Está escrito nas paredes do Bek’s Bar, em Curitiba, que aquele é um boteco tradicional. Não com letras, mas com o vozerio do encontro animado entre amigos, o tilintar das garrafas grandes de cerveja, o clássico baleiro giratório e os petiscos fartos e cobertos por cebolinha picada. Quem fez isso nascer e dedicou ao estabelecimento quase 40 anos de trabalho foi Jefferson Eduardo de Lima, administrador do bar, morto no dia 29 de setembro, aos 65 anos. Antes de abrir o estabelecimento, estudou Economia e Contabilidade e trabalhou na área.
O bar se tornou, para ele, uma verdadeira paixão. Apesar de seu posto oficial ser no caixa ou tirando pedidos, atuava onde fosse preciso, desde levar os pedidos às mesas até fazer a matemática das comandas. Sua prioridade era estar presente e colocar o trabalho em ordem. A paixão pelo Bek’s Bar surgiu de outra paixão e de outro Bek’s. Aficionado por futebol, sentia falta de um local no Água Verde que ficasse aberto até mais tarde e, assim, pudesse receber ele e o time que tinha com os amigos, o Discípulos do Bek, para cervejas e resenhas futebolísticas.
Tudo isso há quatro décadas, quando a juventude ainda lhe permitia jogar assiduamente e participar de torneios com o time. Com o passar do tempo, o futebol dos campeonatos deu lugar a uma ou outra pelada entre amigos para distrair e animar. A torcida também fez parte de toda a sua vida. Viu seu time do coração, o Pinheiros, se transformar em Paraná Clube e sua torcida se transformar junto. Neste e em todos os outros aspectos da vida, era um homem cheio de esperança, que acreditava na vitória mesmo nos cenários menos favoráveis.
Apesar de ser paranista, não se avizinha a um estádio de futebol por acaso. A proximidade entre o bar e a Arena da Baixada, casa do Athletico, garante presença em massa dos torcedores rubro-negros, especialmente em dias de jogos decisivos. Há testemunhos de que ali o chão chega a tremer com a presença dos torcedores ávidos por uma cerveja gelada. Mesmo quando não há jogo, a alegria do bairro é garantida pela dobradinha, carne de onça, rollmops e pelo bolinho de carne, que já ganhou até Prêmio Bom Gourmet de melhor petisco da cidade. O cenário dos dois salões que formam o bar fica completo com cadeiras cinquentenárias feitas de imbuia, que de acordo com Giovanna Lima, filha de Jefferson, “dão a impressão de que os bêbados podem se sentir seguros, que eles não vão cair das cadeiras resistentes”.

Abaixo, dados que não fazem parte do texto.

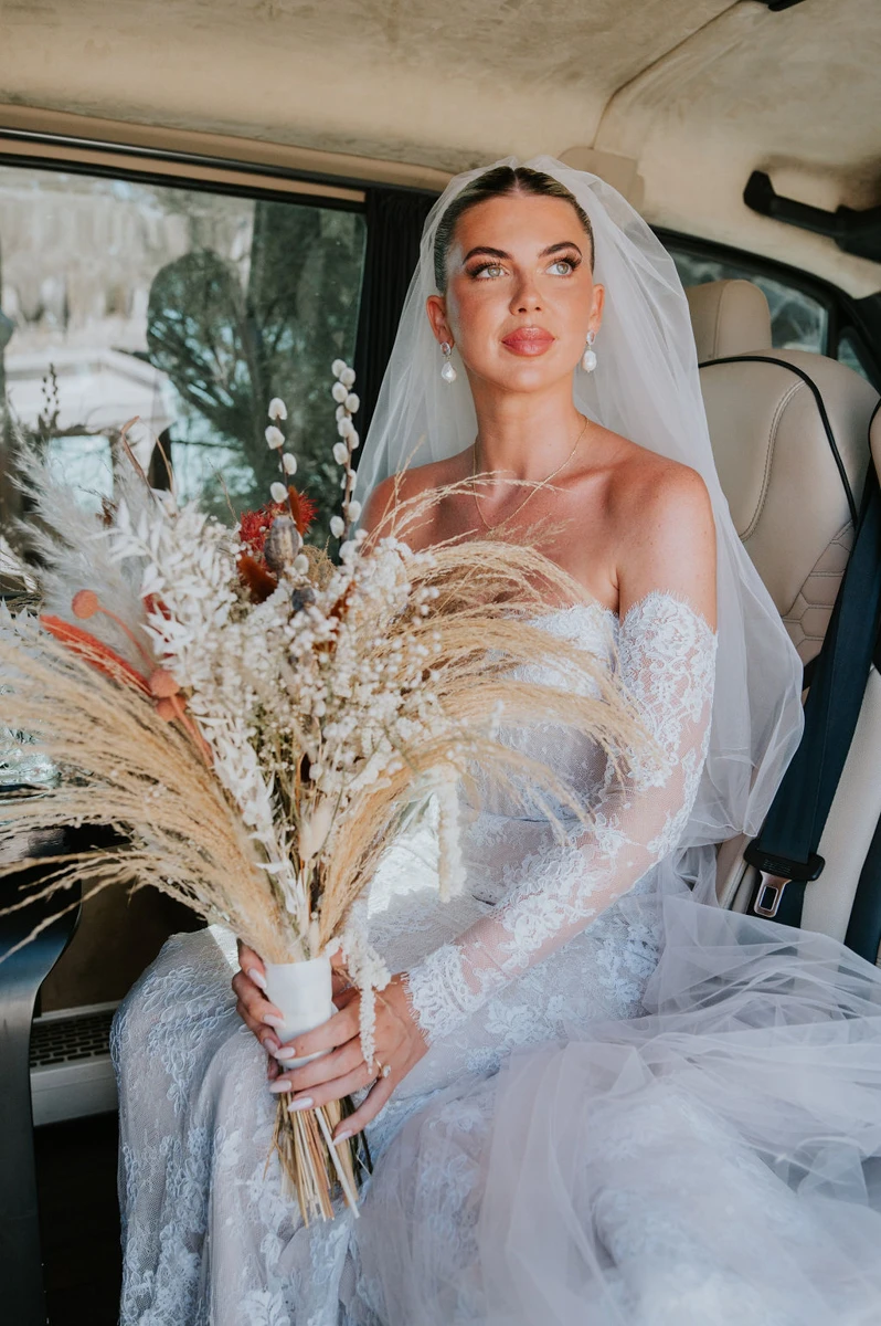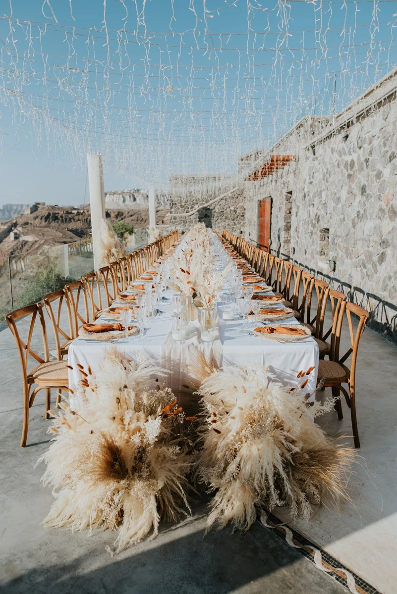 Molly envisioned a day adorned entirely with dried flowers, complemented by terracotta accents. Her ceremony featured stunning floral arrangements that matched the cross-back chairs for their 60 guests. For the wedding dinner, we curated an elegant table design with custom terracotta napkins, raffia place mats, and delicate vases filled with dried flowers—all perfectly aligned with her timeless style. A personalized welcome sign in terracotta hues added a warm and thoughtful touch to the day.

Jefferson literalmente riscava os dias no calendário, com ansiedade, para a chegada do verão e da temporada de um mês em Guaratuba com a família. A viagem era tão tradicional que ele chegou a alugar um caminhão para levar todo o pessoal para a praia. Lá, a diversão era em estado puro. Momento de reunir os queridos e contar as melhores histórias e piadas. E também de pregar algumas peças, como era de seu gosto. Os familiares ficavam receosos de tirar uma soneca perto dele pois poderiam acordar com o rosto pintado. Já teve tia-avó que acordou com caranguejo plantado por ele no quarto para fazer uma graça durante a sesta.
Giovanna lembra que até os momentos não tão obviamente divertidos ganhavam um ar mais leve com o pai. Como na inundação que aconteceu na praia quando ela era pequena, mas que rendeu um animado passeio de boia pelas ruas alagadas de Guaratuba. “Acredito que os momentos mais felizes que ele viveu foram na praia, por isso ele esperava tanto todo ano”, conta a filha.
No velório de Jefferson, ele pediu uma última graça: que fosse tocada a música do obituário de uma rádio da capital da qual era fã. A filha também resolveu um antigo desconforto dele. "Ele detestava escuro. Então no caixão coloquei uma lâmpada para que não precisasse ficar no escuro mais", conta Giovanna. Jefferson deixa esposa, uma filha e um filho.